**ABOUT THIS EXERCISE:** Take the material below and extract the lines from the one with "White, mid sleeve" through the one with "Custom made Dog", word for word, without pictures.

**RECORD EXCERPTS:**
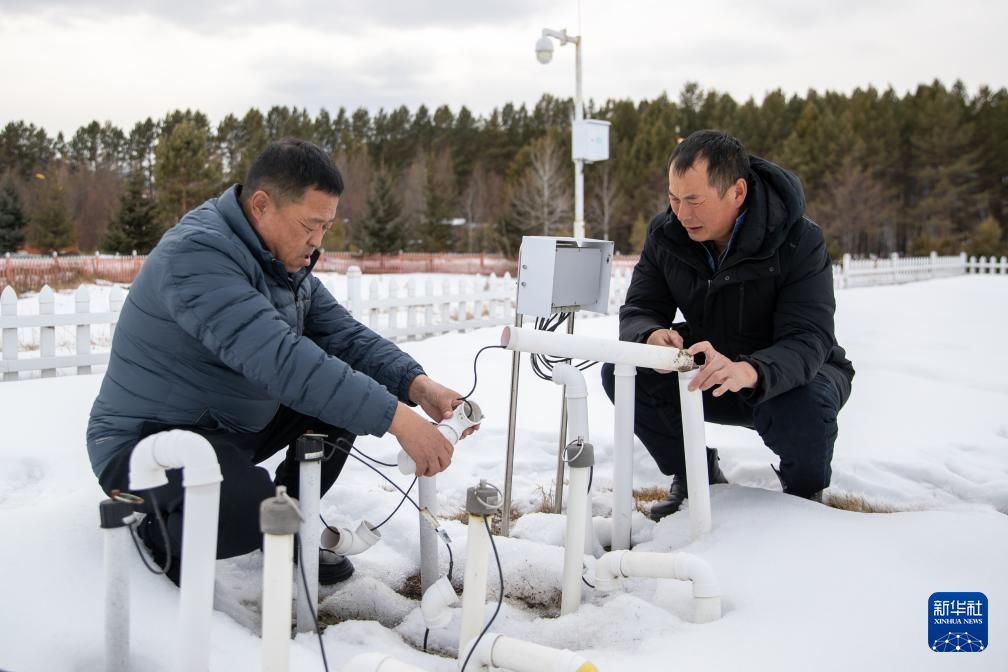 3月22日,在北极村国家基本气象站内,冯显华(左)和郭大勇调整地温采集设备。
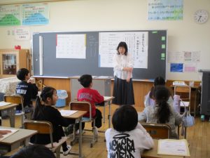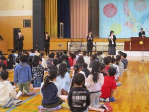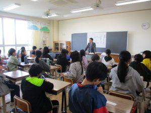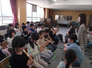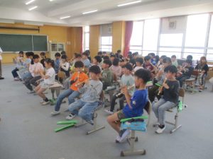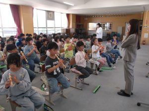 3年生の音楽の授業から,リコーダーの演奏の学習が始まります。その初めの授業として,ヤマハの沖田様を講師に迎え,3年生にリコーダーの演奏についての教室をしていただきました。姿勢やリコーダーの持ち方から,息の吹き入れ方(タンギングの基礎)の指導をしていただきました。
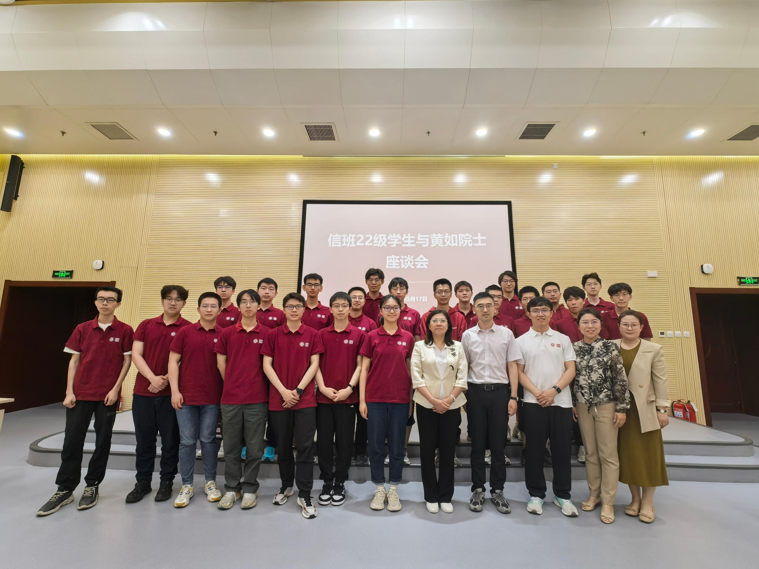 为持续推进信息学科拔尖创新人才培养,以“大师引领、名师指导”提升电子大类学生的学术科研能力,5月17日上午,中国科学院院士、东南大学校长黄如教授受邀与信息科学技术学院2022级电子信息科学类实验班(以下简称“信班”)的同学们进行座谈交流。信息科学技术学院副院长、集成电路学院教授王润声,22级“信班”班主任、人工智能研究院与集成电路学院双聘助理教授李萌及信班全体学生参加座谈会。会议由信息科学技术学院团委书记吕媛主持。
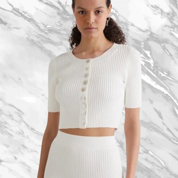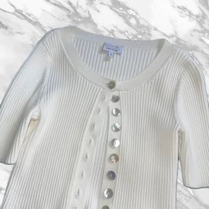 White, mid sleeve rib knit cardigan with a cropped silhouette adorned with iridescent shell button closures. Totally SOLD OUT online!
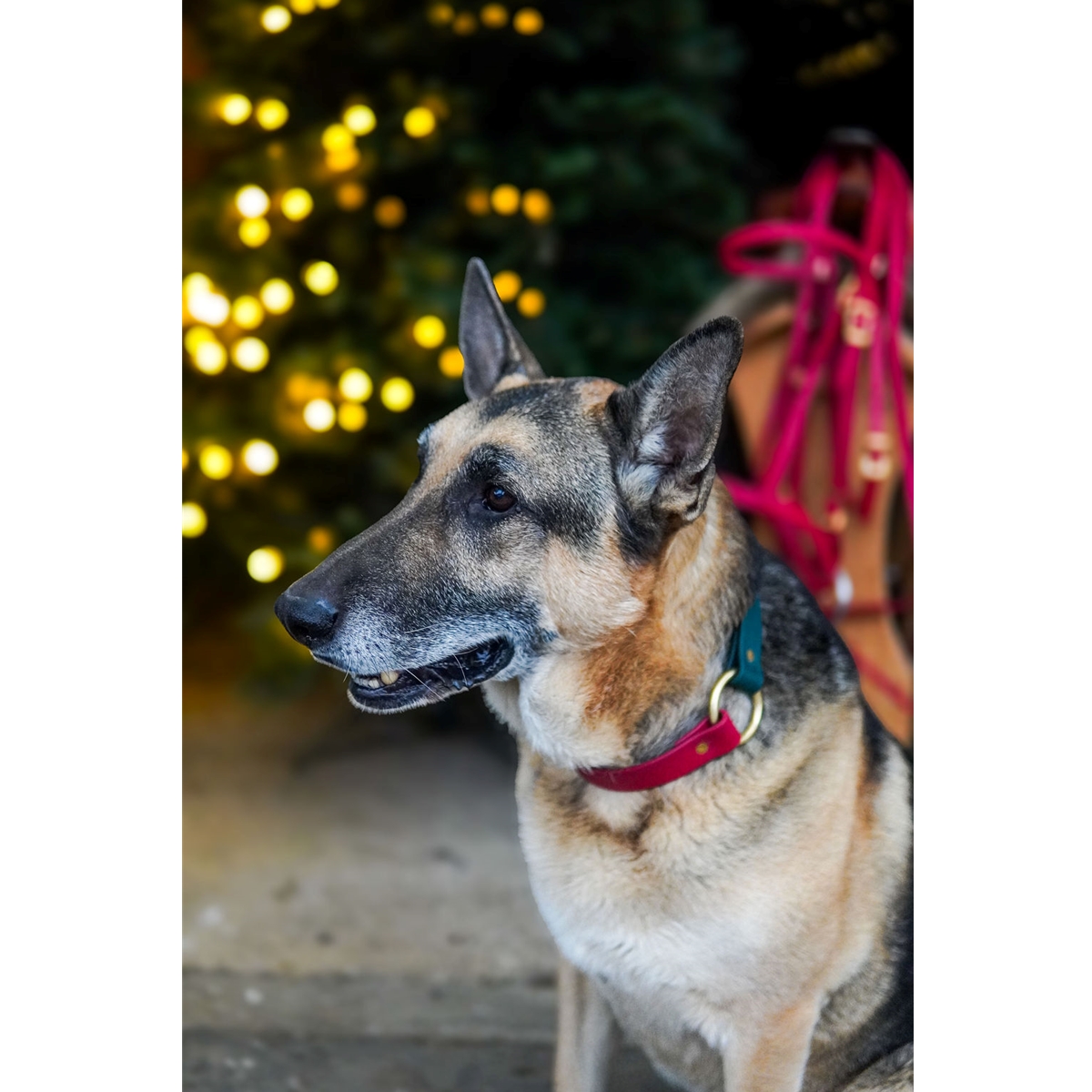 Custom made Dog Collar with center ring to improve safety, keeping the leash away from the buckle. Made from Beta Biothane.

---

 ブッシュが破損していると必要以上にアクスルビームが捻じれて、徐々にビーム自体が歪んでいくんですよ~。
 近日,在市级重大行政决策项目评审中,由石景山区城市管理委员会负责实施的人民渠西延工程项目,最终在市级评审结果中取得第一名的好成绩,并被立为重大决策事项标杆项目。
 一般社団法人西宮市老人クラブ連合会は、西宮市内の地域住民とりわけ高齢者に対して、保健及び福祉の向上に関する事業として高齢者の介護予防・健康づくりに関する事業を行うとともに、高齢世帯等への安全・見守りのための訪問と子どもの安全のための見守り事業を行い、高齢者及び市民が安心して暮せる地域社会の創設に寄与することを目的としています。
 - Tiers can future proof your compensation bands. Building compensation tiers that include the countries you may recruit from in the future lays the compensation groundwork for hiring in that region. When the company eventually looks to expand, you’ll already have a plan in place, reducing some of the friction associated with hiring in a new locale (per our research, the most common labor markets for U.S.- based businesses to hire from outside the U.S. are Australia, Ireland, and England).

**ANSWER BOX:**
 White, mid sleeve rib knit cardigan with a cropped silhouette adorned with iridescent shell button closures. Totally SOLD OUT online!
 Custom made Dog Collar with center ring to improve safety, keeping the leash away from the buckle. Made from Beta Biothane.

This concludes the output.